Work item: In the entries below, repeat only the lines between those holding "(一)主导产业突出。专业村主" and "Ocelové lanko o", inclusive. Leave pictures out.

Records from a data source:

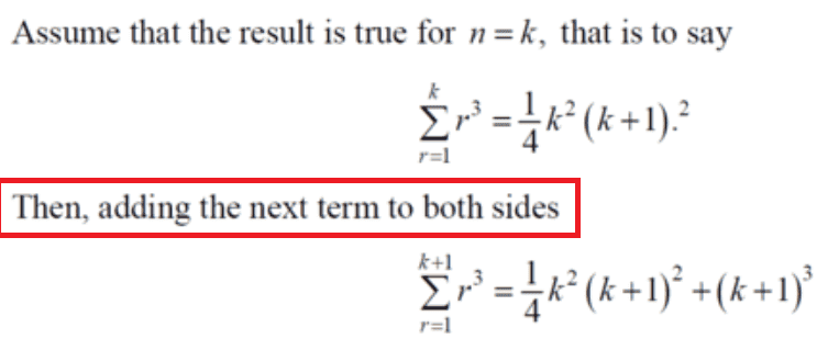 Therefore adding the ##k## to ##k+1## yields;
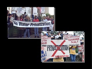 This document discusses whether privatization is the right approach to solve management issues at the public water utility PDAM Tirta Daroy in Banda Aceh, Indonesia. PDAM Tirta Daroy is facing problems like poor management, inadequate services, high operational losses, and large debts. The document analyzes several theories around whether privatization improves efficiency, increases productivity, and generates profits. However, evidence from other countries shows private companies often fail to meet targets, lack transparency, prioritize profits over service, and result in wealth transfers to foreign companies. The conclusion is that privatization has limited benefits for developing countries and failed to equitably distribute power and wealth. Public-public partnerships may be a better solution than privatization
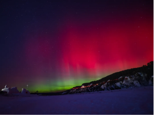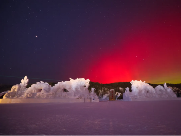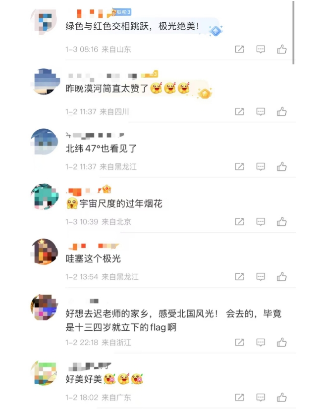 要想在我国看到绿色极光,则要等到太阳活动更加强烈,高能粒子轰击到中纬度地区距地面100千米左右的大气中时才有可能。去年12月,我国漠河地区就曾出现过绿色极光,间接说明了当时地磁暴事件的强烈程度。而漠河也处于中国最北端,相较国内其他能看到极光的地方纬度更高,因此出现绿色极光可能性也更大。
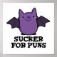 Sucker For Puns Funny Baby Bat Pun features a cute baby bat proud to say that he's a sucker for puns. Perfect pun gift for family and friends who love cute bat puns.
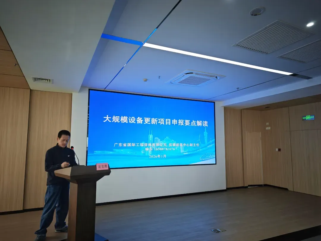 广东省国际工程咨询有限公司低碳能源中心副主任、高级工程师徐乐受邀进行政策解读,围绕“超长期特别国债支持设备更新项目申报”进行了详尽解析,助力商协会发挥桥梁纽带作用,引导会员企业精准对接政策红利。
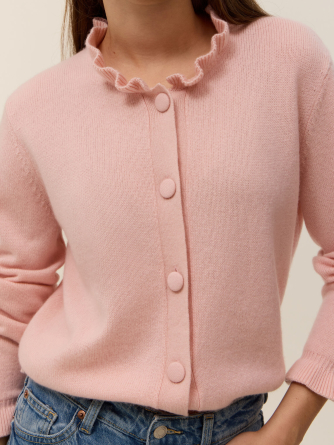 Découvrez Marguerite, notre cardigan tricoté en 100 % cachemire, dans une maille quatre fils à l’allure romantique.
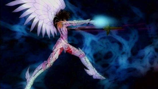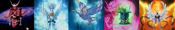 Colorizaciones - Fanarts de Raúl Estebanez (España) Durante todos los combates en el Hades, los santos de bronce llevan sus armaduras V3, y en el Elysion, en los combates contra Thanatos, Hypnos y Hades, las armaduras, bajo la influencia de los cosmos de los caballeros que se intensifican más y más, se auto-repararan al instante y toman una forma absolutamente sublime: Se convierten en armaduras divinas (llamaremos a esta forma “V4” o God Cloths), muy populares entre los fans... Los Bronze Cloths de Pegaso, Cisne y Fénix sí tienen alas. En la saga de Hades se ven las alas originales de sus armaduras. A pesar de la sorpresa de sus portadores, las alas de los cloths no son un secreto, la reacción de los protagonistas se debe a su desconocimiento, en los diagramas de Kurumada se pudieron ver dibujadas las alas... sólo que esas piezas se esconden al vestir el Cloth. Seiya menciona también que el ya sabía que el Pegasus Cloth tenía alas pero no sabía que tenían una función. Seguramente sólo funcionan para planear y controlar un salto muy alto hasta que alcanzan el estado pre-God Cloth, antes de eso, probablemente no son mas que ornamentos...
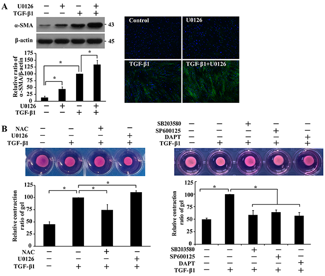 Figure 5: ERK1/2 inhibits TGF-β1-induced α-SMA expression and collagen gel contraction. A. IMR-90 cells were pre-treated with U0126 (10 μM, 1 h) prior to TGF-β1 treatment (200 pM, 48 h), followed by Western and immunofluorescence analyses. α-SMA bands were quantified and normalized with those of β-actin, and presented relative to that with only TGF-β1 treatment as means ± SEM (n = 3-4; *, P < 0.05). B. IMR-90 cells were cast into three-dimensional collagen gels and floated in medium containing NAC (4 mM), U0126 (10 μM), SB203580 (10 μM), SP600125 (20 μM) or DAPT (10 μM) for 1 h prior to treatment with TGF-β1 (200 pM). Gel size was measured daily and representative photographs on day 3 of collagen gel contraction assay were presented. Relative contraction was calculated based on the formula, [(area at day 0 – area at day 3)/area at day 0] × 100%, and normalized to that treated with TGF-β1 only. Values are means ± SEM (n = 4). *, P < 0.05.
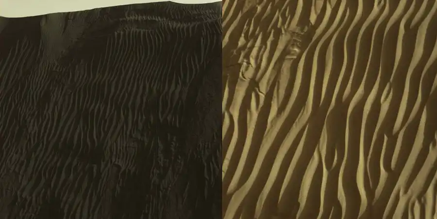 Разница в физических свойствах песка и объясняет тот факт, что темные и рыжие дюны не перемешиваются. Хотя поведение песка взаимодействующего с ветром - это сейчас ведущее направление в исследованиях, и еще много неизвестных. Марсоход может простоять на одном месте несколько месяцев только для того чтобы самостоятельно, с поверхности увидеть как дюны ползут.
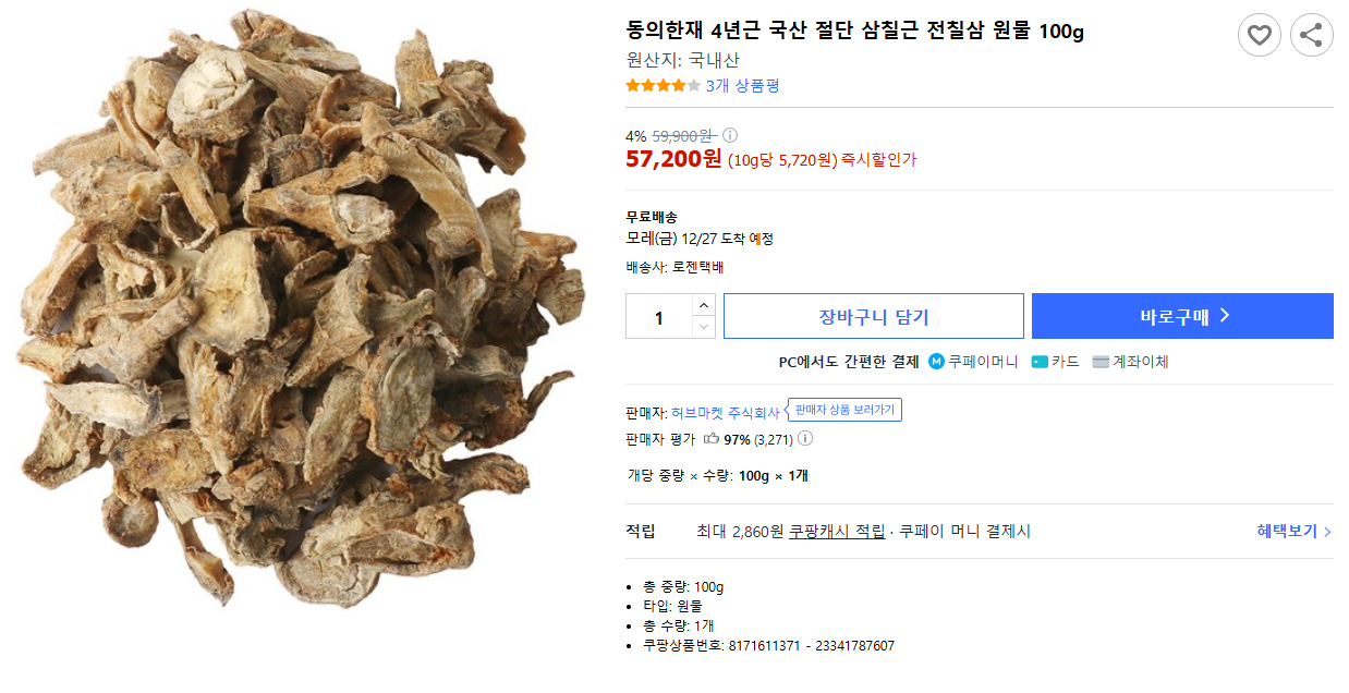 두릅나무과의 삼칠의 뿌리를 말합니다. 금불환이라고도 불리며, 금과도 바꿀 수 없는 귀중한 약재로 알려져 있습니다. 생김새는 원추형으로 근두부에 줄기에 붙었던 자국이 있고 주위에는 작은 혹모양의 돌기가 있습니다. 바깥 면은 회갈색 또는 회황색이며 세로주름과 가는 뿌리가 붙었던 자국이 있습니다. 절단면은 흑갈색으로 방사상의 무늬가 나타나며 질은 무겁고 단단합니다.
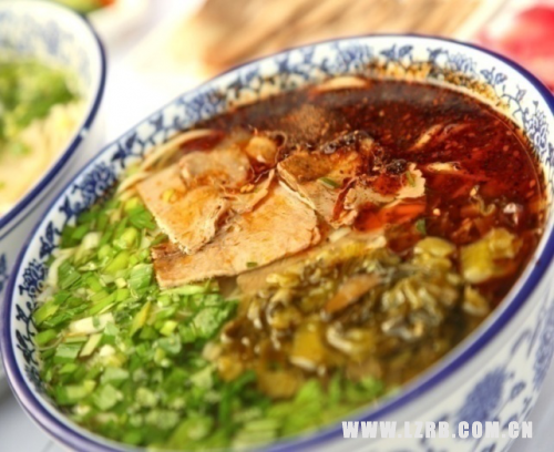 兰州牛肉面,具有牛肉烂软,萝卜白净,辣油红艳,香菜翠绿,面条柔韧、滑利爽口、汤汁、诸味和谐,香味扑鼻,诱人食欲等特点。面条的种类较多,有大宽、二宽、韭叶、一窝丝、"荞麦棱等,还有"二细"、"三细"、"细"、"毛细"等,食客可随爱好自行选择。当地人们描述它是一清、二白、三绿、四红、五黄,即:牛肉汤清如白水,几片白萝卜纯白,汤上漂着鲜绿的蒜苗,辣椒油红,面条光亮透黄。因此,兰州牛肉面的声誉一直延续。
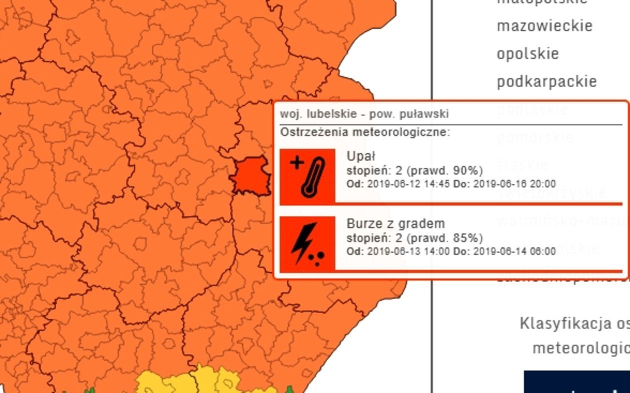 Według ostrzeżenie IMGW dla powiatu puławskiego, upały zostaną z nami przynajmniej do niedzieli. W tym czasie na termometrach słupek rtęci za dnia będzie utrzymywał się w przedziale 30-33 stopni Celsjusza. Trochę wytchnienia da nam jedynie piątek, kiedy to ma być o kilka stopni mniej.
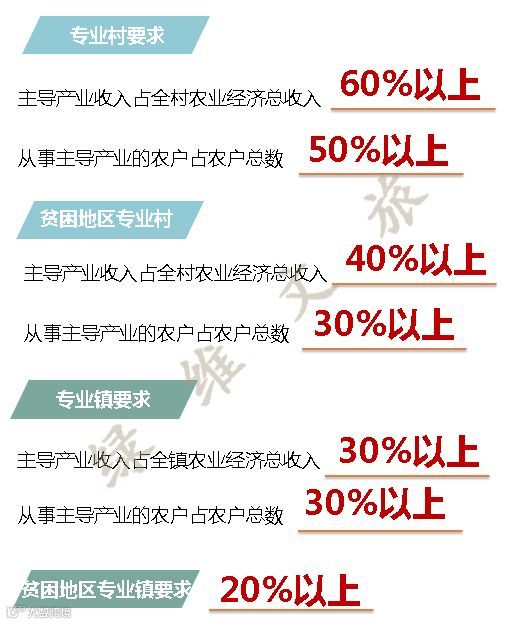 (一)主导产业突出。专业村主导产业收入占全村农业经济总收入60%以上,从事主导产业的农户占农户总数50%以上,贫困地区可分别放宽到40%和30%以上。专业镇主导产业收入占全镇农业经济总收入30%以上,从事主导产业的农户占农户总数30%以上,贫困地区可放宽到20%以上。
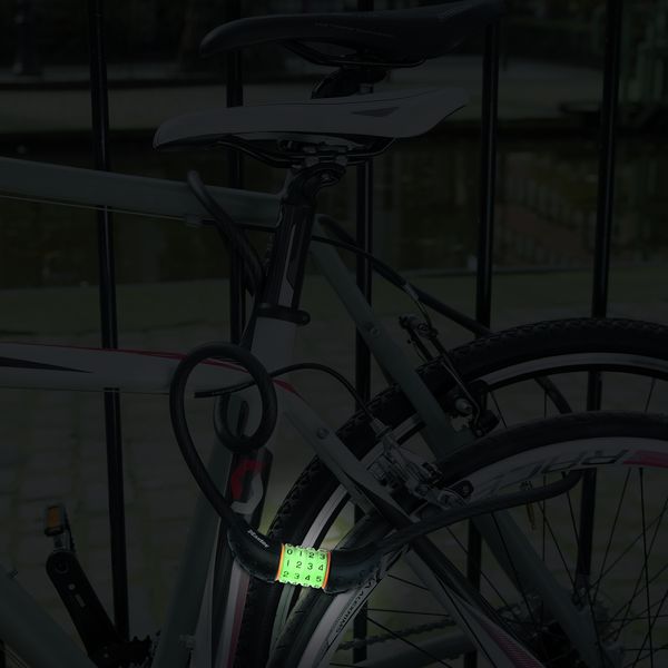 Ocelové lanko o průměru 12 mm a délce 1 800 mm má vinylový potah, který zabraňuje poškrábání laku. Obsahuje integrovaný nastavitelný 4-ciferný kombinační zámek (10 000 možností) a gripy pro snadné uchopení zámku. Pro snadné otevírání v noci navíc obsahuje světélkující ciferníky. Součástí balení je držák pro praktické skladování.
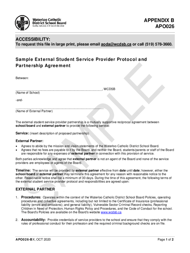 APPENDIX B APO026 ACCESSIBILITY: To request this file in large print, please email aoda@wcdsb.ca or call (519) 5783660. Sample External Student Service Provider Protocol and Partnership Agreement

Response to this task:
 (一)主导产业突出。专业村主导产业收入占全村农业经济总收入60%以上,从事主导产业的农户占农户总数50%以上,贫困地区可分别放宽到40%和30%以上。专业镇主导产业收入占全镇农业经济总收入30%以上,从事主导产业的农户占农户总数30%以上,贫困地区可放宽到20%以上。
 Ocelové lanko o průměru 12 mm a délce 1 800 mm má vinylový potah, který zabraňuje poškrábání laku. Obsahuje integrovaný nastavitelný 4-ciferný kombinační zámek (10 000 možností) a gripy pro snadné uchopení zámku. Pro snadné otevírání v noci navíc obsahuje světélkující ciferníky. Součástí balení je držák pro praktické skladování.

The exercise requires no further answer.